However, di/dt sensing provides a relatively poor magnitude
response, and current provided by a secondary nonlinear regulator
triggered from di/dt-sensed events cannot typically provide a
sustained current. Furthermore, the output current should typically
not cut off suddenly, as this would generate undesirable voltage
spikes at the load.
FIG. 6 illustrates typical waveforms of currents and load voltage
in a system with a di/dt sensing secondary nonlinear regulator and
a low bandwidth primary regulator. As shown above in FIG. 5, a fast
di/dt event 502 is followed by an increased load current 504. The
supply current 508 provided by the primary regulator is consistent
with its slow reaction time. With a first boost current 602
triggered via di/dt (and preferably with a controlled shut-off),
the total supply current 520 is such that the initial response is
adequate, and the integrated error charge 506 is consequently
reduced as compared to FIG. 5.
FIG. 7 illustrates a regulation system in which the magnitude of
the di/dt-sensed boost current 602 is higher than the demanded
current 504. The result is an over-boost of output voltage 702 at
the load. FIG. 8, on the other hand, depicts the situation where
the magnitude of the di/dt-sensed boost current 602 is too low, and
the initial droop in load voltage 510 may not be regulated
sufficiently.
FIG. 9 shows the result of combining a high magnitude di/dt boost
current 90 with a voltage-sensed boost current 904. As shown, the
total supply current 520 momentarily overshoots load current 504
before settling into a steady-state value which corresponds to the
sum of the di/dt boost current 902, the voltage sense boost current
904, and the primary regulator current 508. In many applications,
however, this overboosting of voltage is not a great concern
provided that the reliability of the devices making up the load are
not compromised. Underboosting of voltage as shown in FIG. 8,
however, may cause bit errors. Therefore, a preferred embodiment of
the present invention allows the di/dt-sensed boost current to have
a magnitude which is between about 70% and 100% of the maximum
delta current the load may draw, and a voltage-sensed boost current
which corresponds to the instantaneous dynamic load current minus
the primary regulator current. The actual magnitude of the boost
current may be proportional to the expected transient amplitude, or
may be calculated based on any convenient criterion.

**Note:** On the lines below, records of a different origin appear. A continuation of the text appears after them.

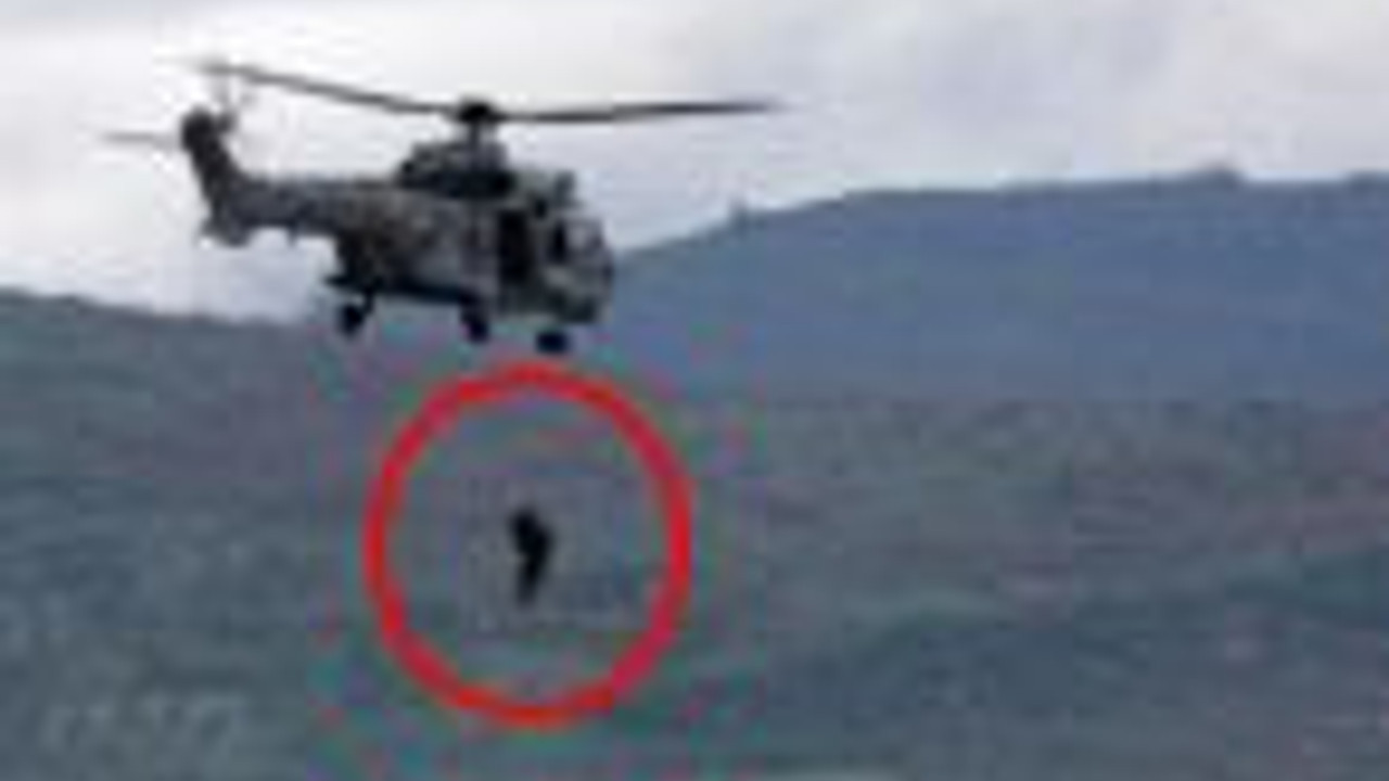 Mahsur kalan İsmail Köklü, helikopterden sarkıtılan halatla çekilerek kurtarıldı.
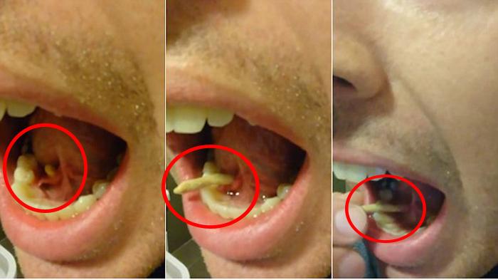 Ia merekam 30 detik kejadian yang bermula saat dirinya membuka mulut dan mengangkat lidah. Sesuatu berwarna putih nanah menyembul dari bawah lidah.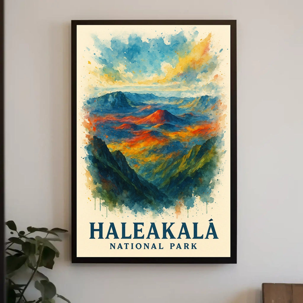 Bring the serene beauty of Haleakalā National Park into your living space with this vibrant watercolor poster—a timeless piece that complements any nature-inspired decor, from cozy living rooms to tranquil offices.

The di/dt-sensed regulation described above is capable of
controlling the very high frequency responses. However, as shown in
FIGS. 5-9, an error output voltage dV may still exist. In a
preferred embodiment of the present invention, a handoff system is
provided wherein the shutoff rate of the di/dt sensed boost current
matches that of the turn-on rate of the primary regulator, thus
providing a more optimal response and reducing the error voltage
dV. This hand-off system can also be accomplished by implementing a
handoff system with a voltage-sensed boost current in the secondary
nonlinear regulator as shown in FIG. 17.
Specifically, primary regulator 1804 is coupled to load 1802
through inductances 1814 and 1812 as well as capacitor 1810.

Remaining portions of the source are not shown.